Distance Vector Routing
The basic distance vector algorithm tries to solve the problem of how to reach the destination in the shortest number of 'hops' possible. A hop is whenever you pass through a node. So in the simple example network here the distance from A to D is 3.
The problem becomes more interesting if it network is not a long line. For example the distance between A and D in the below network can be 3,4,5,7 and more
In this example the path that would be desired is from A to B to K then to D. That the Bellman-Ford or Dijkstra algorithms do is find this path. Then each node in the network will know the shortest path from itself to each other node in the network.
Protocol
This algorithm works perfectly well with some basic assumptions. First that nodes never fail, second the link costs never vary, third you have infinity space to store entries and ability to collect data.
Anyone working with computer knows that these assumptions are absurd. This is where protocols come in. Not only do they have to implement the algorithm in code but they need to deal with a changing topology.
The basic distance vector protocol is call RIP for Routing Information Protocol. RIP made some basic design choices. Each node in the network keeps a routing table. This routing table contains entries for all the reachable nodes in the network. Also in the table entries for how far the node is away (the distance) and what node is the next stop on this path (the vector). RIP uses the Bellman-Ford algorithm to determine the shortest path by broadcasting each nodes current routing table to all their neighbors and then each node compares tables and chooses the minimum cost route.
This is assuming that the route costs never change that all the nodes stay functional. Because this is not the case a timer is introduced that times routes so that if they are not updated or confirmed within a specific amount of time they are declared to be obsolete and removed from the routing table. A new route is then forced to be found. It is proven by the algorithm that in a finite amount of time a route will be found. But until the route is found or if the topology is changing faster than the algorithm can stabilize routing loops occur.

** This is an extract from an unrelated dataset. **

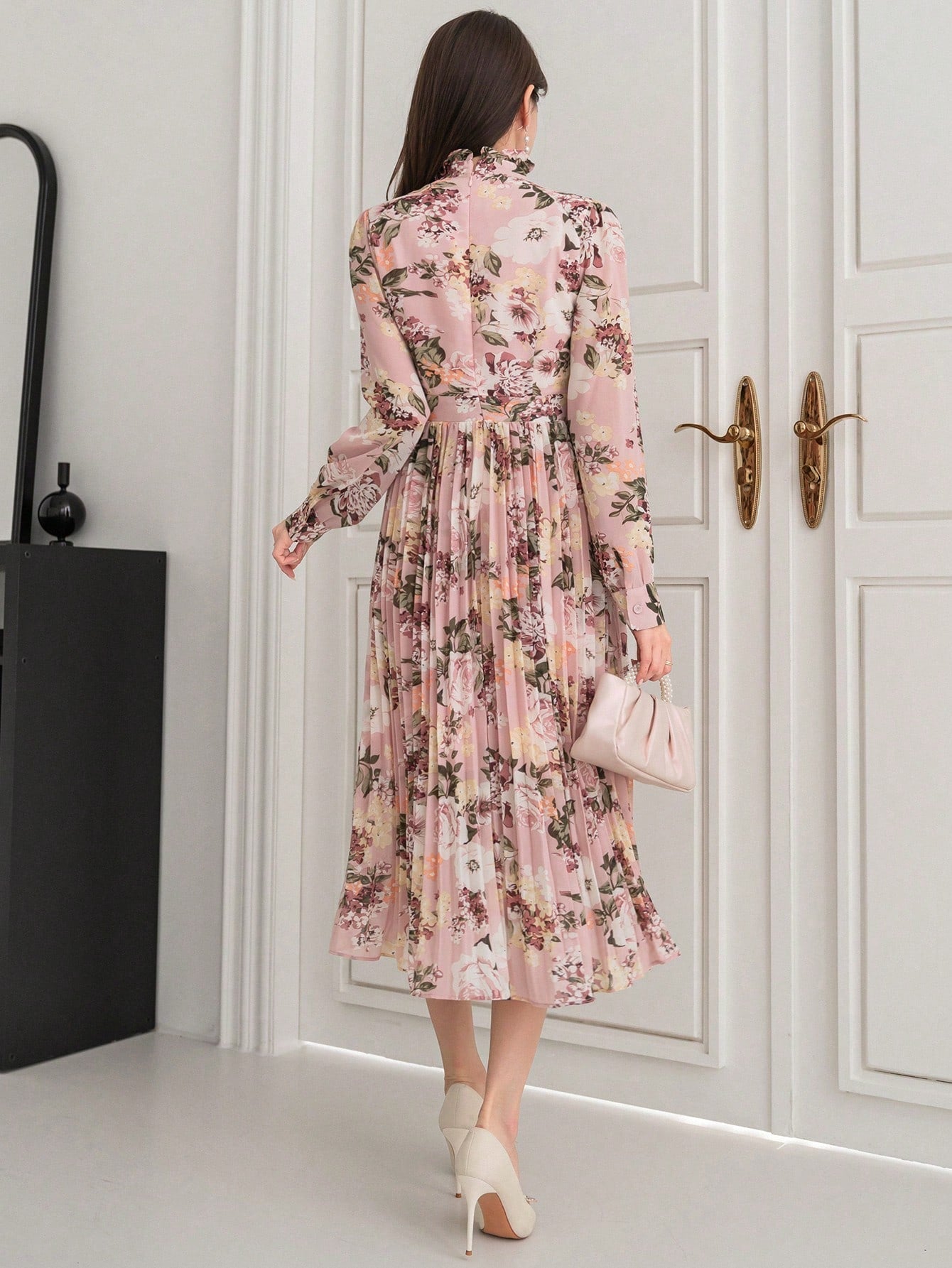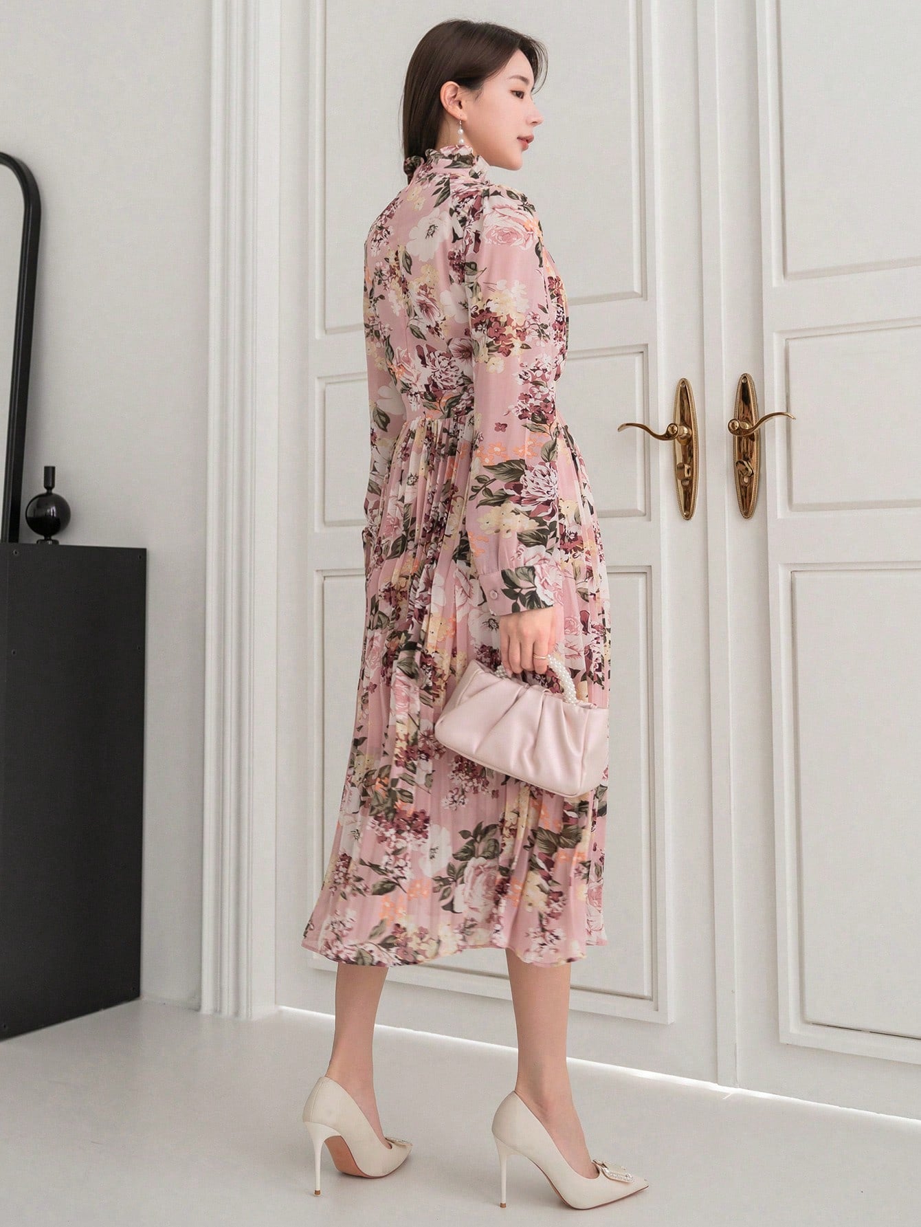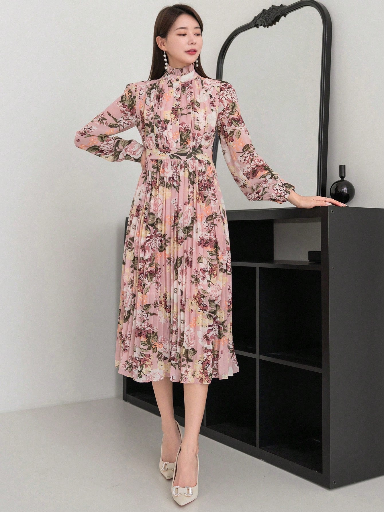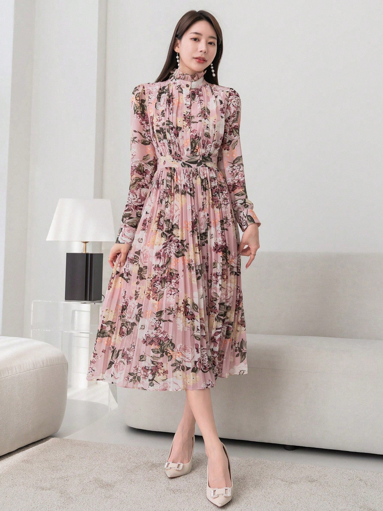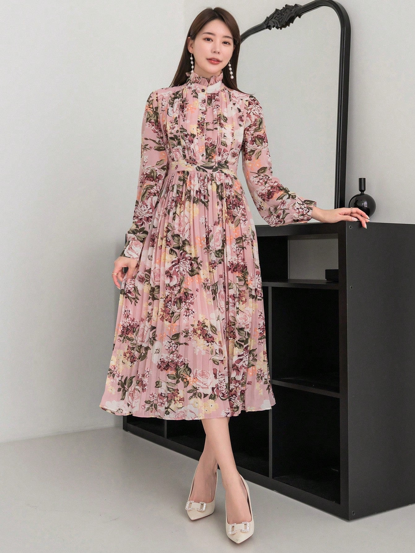 DAZY Women's Stand Collar Floral Printed Pleated Dress With Ruffles

Given time a routing loop will count to infinity(16). This means that because the destination is unreachable the loop in the network cause the distance to slowly increase until it reaches a point set as infinity or unreachable.

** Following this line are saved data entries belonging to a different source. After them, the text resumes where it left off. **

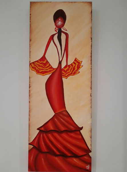 Oleo sobre lienzo. Flamenca en rojo con fondo beige y laterales en marrón.
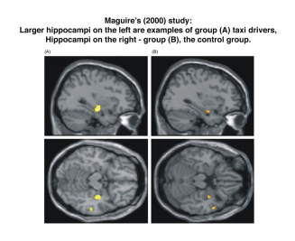 Dikkat ederseniz, soldaki MR’larda sarı renkle görülen hipokampüs, yani Londra’da taksicilik yapan bir taksicinin hipokampüsü, sağdaki “taksicilik yapmayan” bir insandan daha büyük.
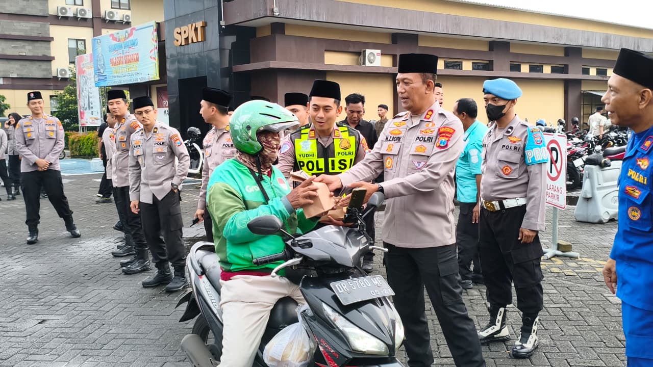 Humanis untuk Masyarakat, Wakapolresta Sidoarjo dan Pejabat Utama Bagikan Ratusan Takjil di Dalam Mako
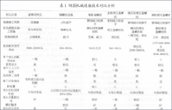 目前國內常見(jiàn)的幾種鋼筋機械連接技術(shù)的對比分析如表 1 所示。
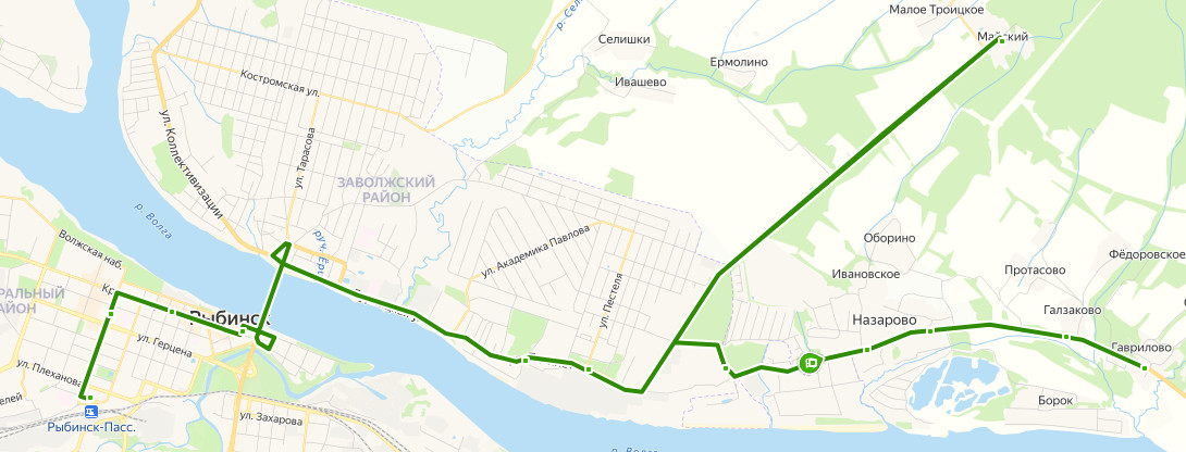 ГАВРИЛОВО → Галзаково → Назарово → Сельсовет → СНТ Дружба → Мелкая улица → МАЙСКИЙ → Слип → Верфь братьев Нобель → Соборная площадь → Крестовая улица → Сенной рынок → РЫБИНСК, Железнодорожный вокзал

Several algorithms have been developed to aid convergence. Some of the procedures are extremely complex. But the most common algorithm is Split Horizon
- Split-Horizon causes the node to not advertise routes to a node that have that node as their next stop. Thus two nodes would not create loops that involve packets bouncing back and fourth. This eliminates routing loops with only two nodes. But if the loops involves more that two it is not as effective.
Actual implemented protocols
The following are the implementations of RIP:: XNS, IPX ,RIP-IP, IGRP.

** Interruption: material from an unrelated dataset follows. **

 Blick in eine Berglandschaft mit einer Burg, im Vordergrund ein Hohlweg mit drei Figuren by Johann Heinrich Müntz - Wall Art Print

- XNS is the raw RIP implementation with none of the accelerated convergence algorithms worked in.
- IPX is RIP with split horizon but additional another metric is added to help make routing decisions. The speed of the route is used. So a faster route would be selected over a shorter one.
- RIP-IP is the internet RIP routing algorithm. It makes use of many acceleration algorithms described here as well as other concepts.
- IGPR is a complex implementation who uses a formula involving line speed, hops, and bandwidth as a metric. Also it uses poisoned routes where if a routes metric changes suddenly by a threshold amount then the route is set as unreachable.